▸ **Task statement**
Output each record exactly, excluding pictures.

[[ Provided data, beginning ]]

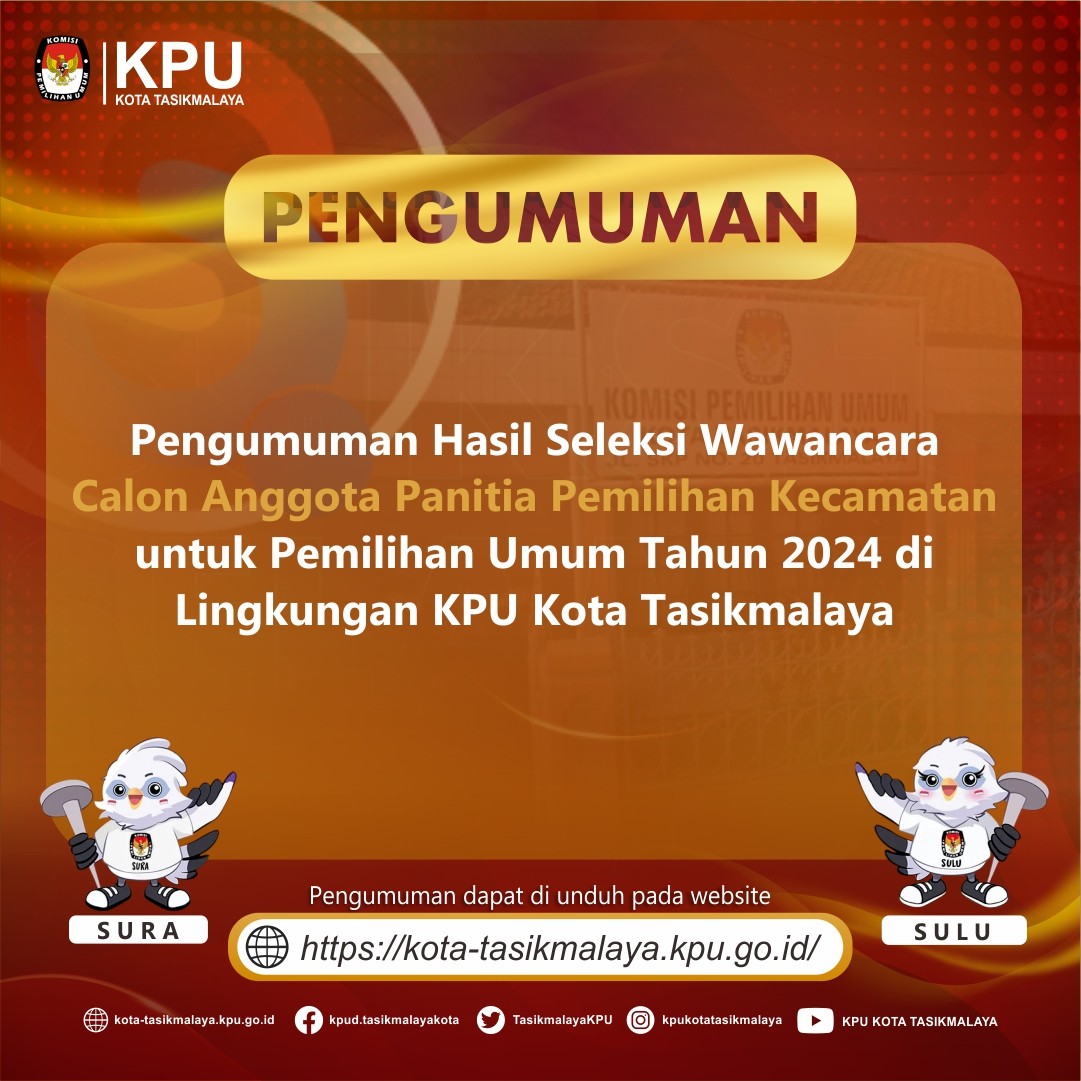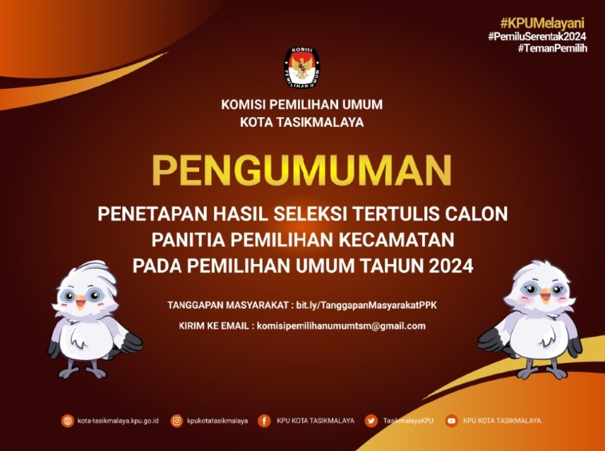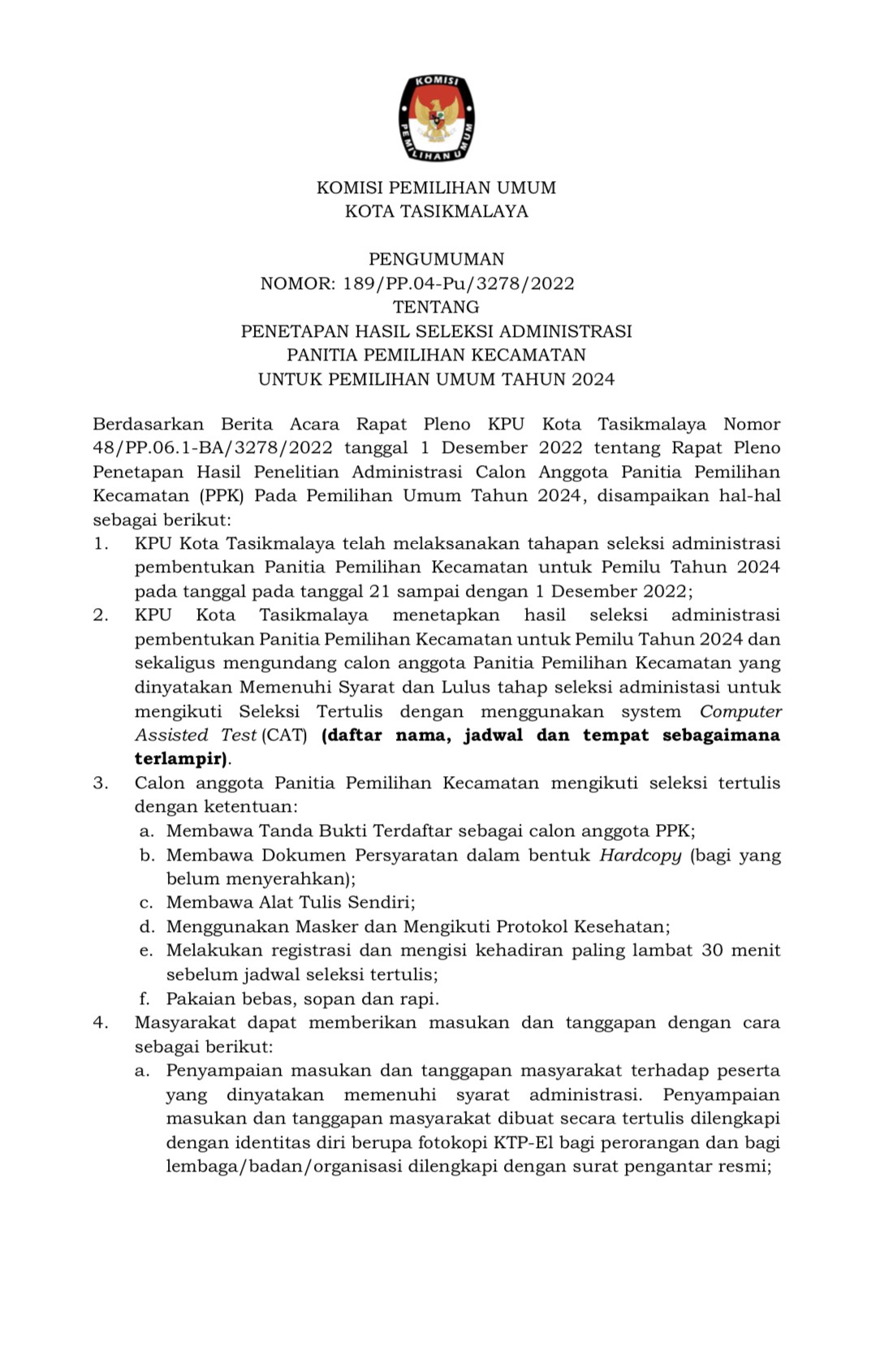 2. KPU Kota Tasikmalaya menetapkan hasil seleksi administrasipembentukan Panitia Pemilihan Kecamatan untuk PemiluTahun 2024 dan sekaligus mengundang calon anggotaPanitia Pemilihan Kecamatan yang dinyatakan MemenuhiSyarat dan Lulus tahap seleksi administasi untuk mengikutiSeleksi Tertulis dengan menggunakan system Computer Assisted Test (CAT) (daftar nama, jadwal dan tempatsebagaimana terlampir).
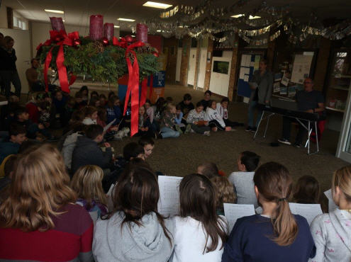„Leise rieselt der Schnee“, mit diesem schönen Weihnachtslied beendeten die Viertklässler ihr kleines Programm im Rahmen der gemeinsamen Adventsfeiern der Grundschule am Montag nach dem 4. Advent. Seit Jahren ist es an unserer Grundschule üblich, dass die Adventswochen gemeinsam in der Aula begonnen werden, wobei jede Klassenstufe auf ihre Art und Weise jeweils ein kleines vorweihnachtliches Programm gestaltet. So begannen die Erstklässler mit einer kleinen Casting Show, bei der es galt den Stern von Bethlehem zu finden. Eine Woche später kam der Nikolaus zu Besuch. Nachdem die Zweitklässler ihm schöne Gedichte und nette Briefe vorgelesen hatten, und nachdem er in seinem goldenen Buch fast nur Gutes über die Kinder fand, überreichte er allen Klassen kleine Geschenke. Am Tag nach dem 3. Advent erfreuten die Kinder der Klassen 3a und 3b ihre Mitschüler mit schönen Liedern und Texten. Der letzte Adventsmontag wurde von den Klassen 4a und 4b liebevoll gestaltet. „Das Licht einer Kerze“ stand im Vordergrund und wurde mit Gedichten und musikalischer Umrahmung nett dargestellt.
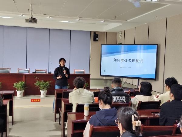 国蓉教授结合自身教学工作和往年复试经验,主要从“初试出成绩后该做什么”、“复试口试如何准备”两方面为同学们做了分享。国蓉教授强调,研究生复试应更多展现自己的科研能力和专业素质能力,对于复试考官提出的问题要以正确视角进行判断,体现自身的计划性与信心,注重逻辑思维的展示。
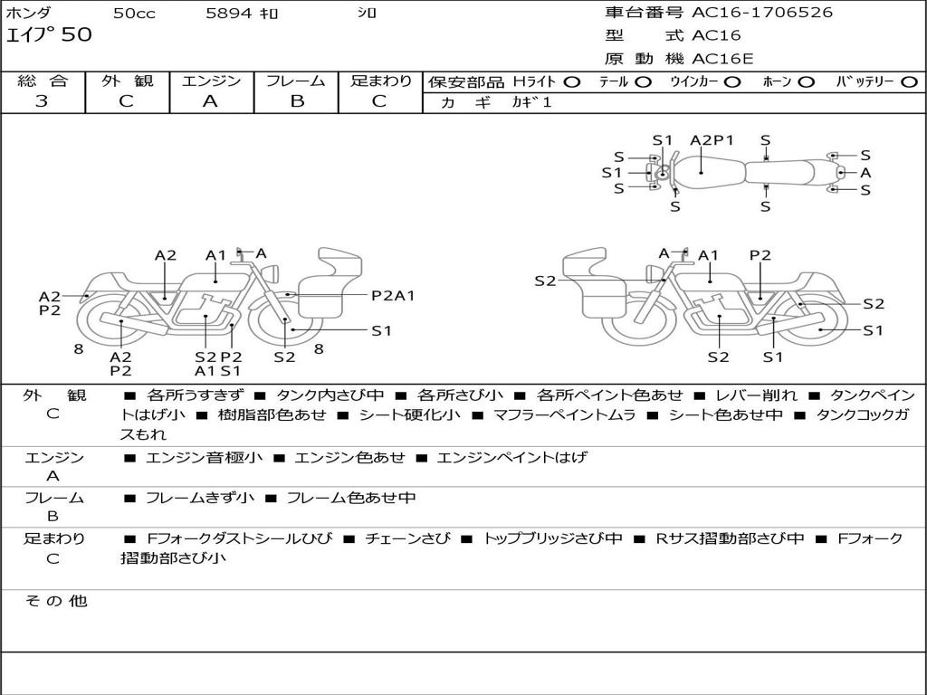 | Номер рамы / VIN | AC16-1706526 |
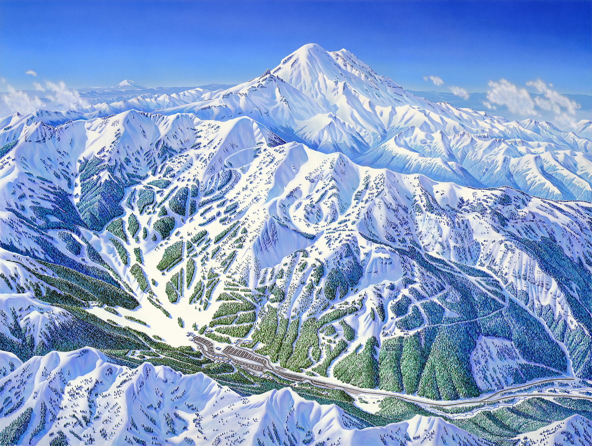 Yeah, there are. I work with the airbrush on snowy terrain, so it’s a pretty simple process. With my early summer maps, I tried with the airbrush but it was so unrealistic, so I turned to the brush entirely. I didn’t feel my brush rendering was as effective as the airbrush, but I did develop it into a pretty nice style. The latest ones are the Blackcomb and Whistler hiking maps. I was really happy with those. It’s maybe a sketchier style, but basically, you need to show where there’s grass, brush, rock, or dirt, so it does become quite more involved in summer and fall views. In my fall views, I’ve always had a problem showing the trees as they are. The Okemo autumn portion is probably my best technique on that.
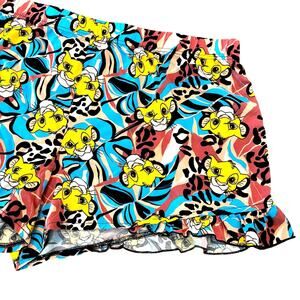 Disney's the Lion King ruffle hem shorts features Simba against a vibrant blue and pink background with scattered animal print.
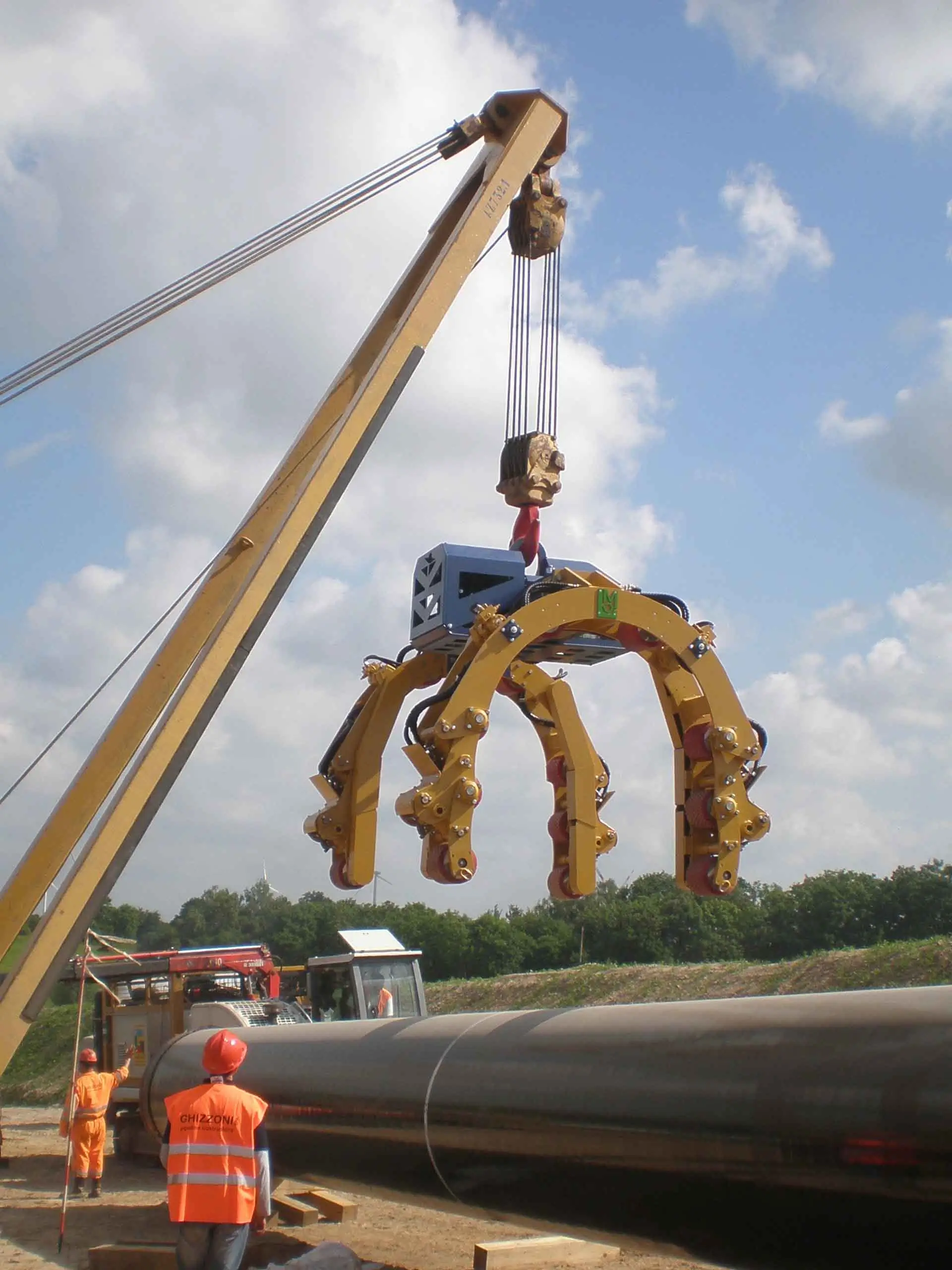Before joint welding, project specifications require that the longitudinal weld of the pipe has a specific angular distance relative to the previous pipe. The Seam Aligner clamp allows for quick, precise, and safe positioning of the pipe, even with bent pipes that have angular inertia. The Seam Aligner is a clamp composed of 4 radio-controlled hydraulic arms equipped with 12 polyurethane-coated rollers that wrap around the pipe. The clamp is secured by safety lock valves on the hydraulic circuit. After closing the clamp around the pipe, the operator uses the remote control to rotate the pipe clockwise or counterclockwise until the longitudinal weld of the pipe reaches the desired position relative to the previous pipe section.
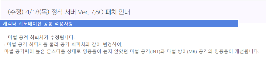 | 마법회피치 공식 변경 | INT에 대한 변화가 없으므로, 1.2×(AGI+회피율보정) + 15 + 1/7×(민첩성보정 |
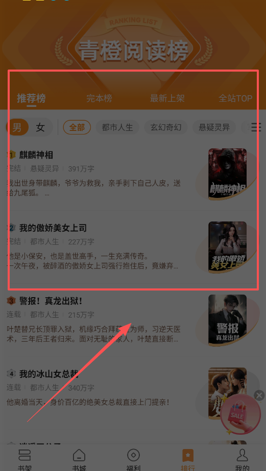 3、然后呢,在“推荐榜”区域,你可以根据全部、都市人生、最新上架等不同维度来浏览。
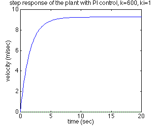 Recall from the PID tutrial page, an addition of an integral controller to the system eliminates the steady-state error. For now, let Kp equals 600 and Ki equals 1 and see what happens to the response. Change your m-file to the following.

[[ Provided data, end ]]

▸ **Finished exercise**
 2. KPU Kota Tasikmalaya menetapkan hasil seleksi administrasipembentukan Panitia Pemilihan Kecamatan untuk PemiluTahun 2024 dan sekaligus mengundang calon anggotaPanitia Pemilihan Kecamatan yang dinyatakan MemenuhiSyarat dan Lulus tahap seleksi administasi untuk mengikutiSeleksi Tertulis dengan menggunakan system Computer Assisted Test (CAT) (daftar nama, jadwal dan tempatsebagaimana terlampir).
„Leise rieselt der Schnee“, mit diesem schönen Weihnachtslied beendeten die Viertklässler ihr kleines Programm im Rahmen der gemeinsamen Adventsfeiern der Grundschule am Montag nach dem 4. Advent. Seit Jahren ist es an unserer Grundschule üblich, dass die Adventswochen gemeinsam in der Aula begonnen werden, wobei jede Klassenstufe auf ihre Art und Weise jeweils ein kleines vorweihnachtliches Programm gestaltet. So begannen die Erstklässler mit einer kleinen Casting Show, bei der es galt den Stern von Bethlehem zu finden. Eine Woche später kam der Nikolaus zu Besuch. Nachdem die Zweitklässler ihm schöne Gedichte und nette Briefe vorgelesen hatten, und nachdem er in seinem goldenen Buch fast nur Gutes über die Kinder fand, überreichte er allen Klassen kleine Geschenke. Am Tag nach dem 3. Advent erfreuten die Kinder der Klassen 3a und 3b ihre Mitschüler mit schönen Liedern und Texten. Der letzte Adventsmontag wurde von den Klassen 4a und 4b liebevoll gestaltet. „Das Licht einer Kerze“ stand im Vordergrund und wurde mit Gedichten und musikalischer Umrahmung nett dargestellt.
 国蓉教授结合自身教学工作和往年复试经验,主要从“初试出成绩后该做什么”、“复试口试如何准备”两方面为同学们做了分享。国蓉教授强调,研究生复试应更多展现自己的科研能力和专业素质能力,对于复试考官提出的问题要以正确视角进行判断,体现自身的计划性与信心,注重逻辑思维的展示。
 | Номер рамы / VIN | AC16-1706526 |
 Yeah, there are. I work with the airbrush on snowy terrain, so it’s a pretty simple process. With my early summer maps, I tried with the airbrush but it was so unrealistic, so I turned to the brush entirely. I didn’t feel my brush rendering was as effective as the airbrush, but I did develop it into a pretty nice style. The latest ones are the Blackcomb and Whistler hiking maps. I was really happy with those. It’s maybe a sketchier style, but basically, you need to show where there’s grass, brush, rock, or dirt, so it does become quite more involved in summer and fall views. In my fall views, I’ve always had a problem showing the trees as they are. The Okemo autumn portion is probably my best technique on that.
 Disney's the Lion King ruffle hem shorts features Simba against a vibrant blue and pink background with scattered animal print.
Before joint welding, project specifications require that the longitudinal weld of the pipe has a specific angular distance relative to the previous pipe. The Seam Aligner clamp allows for quick, precise, and safe positioning of the pipe, even with bent pipes that have angular inertia. The Seam Aligner is a clamp composed of 4 radio-controlled hydraulic arms equipped with 12 polyurethane-coated rollers that wrap around the pipe. The clamp is secured by safety lock valves on the hydraulic circuit. After closing the clamp around the pipe, the operator uses the remote control to rotate the pipe clockwise or counterclockwise until the longitudinal weld of the pipe reaches the desired position relative to the previous pipe section.
 | 마법회피치 공식 변경 | INT에 대한 변화가 없으므로, 1.2×(AGI+회피율보정) + 15 + 1/7×(민첩성보정 |
 3、然后呢,在“推荐榜”区域,你可以根据全部、都市人生、最新上架等不同维度来浏览。
 Recall from the PID tutrial page, an addition of an integral controller to the system eliminates the steady-state error. For now, let Kp equals 600 and Ki equals 1 and see what happens to the response. Change your m-file to the following.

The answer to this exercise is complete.